Is there any function in pandas to calculate cumulative average/mean just like there is cumsum for cumulative sum

#

?

novel remnant
#

global average or expanding average?

#

I think you're looking for expanding average

viral scroll
#

expanding average

novel remnant
#

it's simple then call series.expanding().mean()

viral scroll
#

like for every month all the rows of previous months should be included in the mean

novel remnant
#

expanding does that

viral scroll
#

great thanks....let me try

novel remnant
#

alright cheers

stiff stratus
#

What would you call seaborn, is it a wrapper for matplotlib? If so, please define what a wrapper is.

#

I am searching for a technical term

still otter
#

@desert oar By "central" I mean if a plotter client (backed by matplotlib/bokeh/whatever) wants to get some data to plot, regardless of what data it wants or which script is creating the data, the plotter client will always access the same location to get its data.

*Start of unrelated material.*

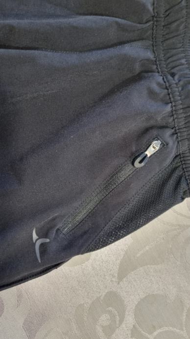 So temno modre barve, iz 100% poliestra, so zelo dobro ohranjene. Nosil jih je samo en otrok. Imajo dva stranska skrita žepa, ki se zapenjata z zadrgo.V pasu so stisnjene z elastiko. Regulirati se dajo tudi z vrvico, ko je napeljana v pasu. Na zadnjem delu imajo od pasu pa do konca žepov mrežico. Poglejte si prosim fotografije.

For example, I was thinking maybe I can use a single sqlite db to store all this extracted data. If I want to make a new script to extract some additional data, the script would add a new table to the db, which it would then populate. Plotters can then be easily updated to plot the new data, without caring about the scripts that made it. Does this design seem good for this goal? Or is there perhaps a tool/library that is better fit for this purpose?

serene cipher
#

hello! can anyone help me with excel filtering?

desert oar
#

@still otter ok. what are the plotters though? are they all separate programs? how are they accessing the data? is this all happening on a single machine? on a network?

#

why not just keep a bunch of parquet files somewhere and watch for updates?

velvet thorn
#

@still otter so basically you want a central store for data + push notifications?

still otter
#

everything is on a single machine for now, and probably will be for a while

#

@velvet thorn yeah, basically. it's probably a simple thing to solve but i'm unfamiliar with what's available to me

velvet thorn
#

hm.

#

to give good advice on design it would be important to understand (quite a bit) more about the architecture and your needs

#

like so you have another script running

#

that's constantly updating plots?

still otter
#

so, i haven't really decided on the plotter quite yet

#

i have a basic plotter right now which is just a simple python script that makes a matplotlib plot manually from the files i have

#

basically parses the relevant data from the files without storing it anywhere

#

but it's a bit slow

#

and has to re-parse everything if i close and reopen it

#

also, this is kind of poor timing for me, i need to leave for a while 😓

velvet thorn
#

why do you want push notifications then

still otter
#

thanks for the responses though, i'll have to read about parquet

velvet thorn
#

sounds like pull would be a better strategy

still otter
#

maybe, i just like the sound of plots updating immediately when a new file is created

#

anyway, thanks for now, will be back later if anyone is around

lapis sequoia
#

Any tips on how to get rid of the for-loops in the first function? My attempt in the second function gives the wrong result because I'm not accounting for j != i. But I'm not aware of anything in NumPy to account for that.

import numpy as np


def mu_brokaw(mus, mws, xs):
    n = len(mus)
    mu_mix = 0.0

    for i in range(n):
        d = 0.0

        for j in range(n):

            if j != i:
                mij = ((4 * mws[i] * mws[j]) / ((mws[i] + mws[j])**2))**0.25

                num = (mws[i] / mws[j]) - (mws[i] / mws[j])**0.45
                den = 2 * (1 + mws[i] / mws[j]) + ((1 + (mws[i] / mws[j])**0.45) / (1 + mij)) * mij
                aij = mij * ((mws[j] / mws[i])**0.5) * (1 + num / den)

                sij = 1.0
                d = d + sij * aij * xs[j] / np.sqrt(mus[j])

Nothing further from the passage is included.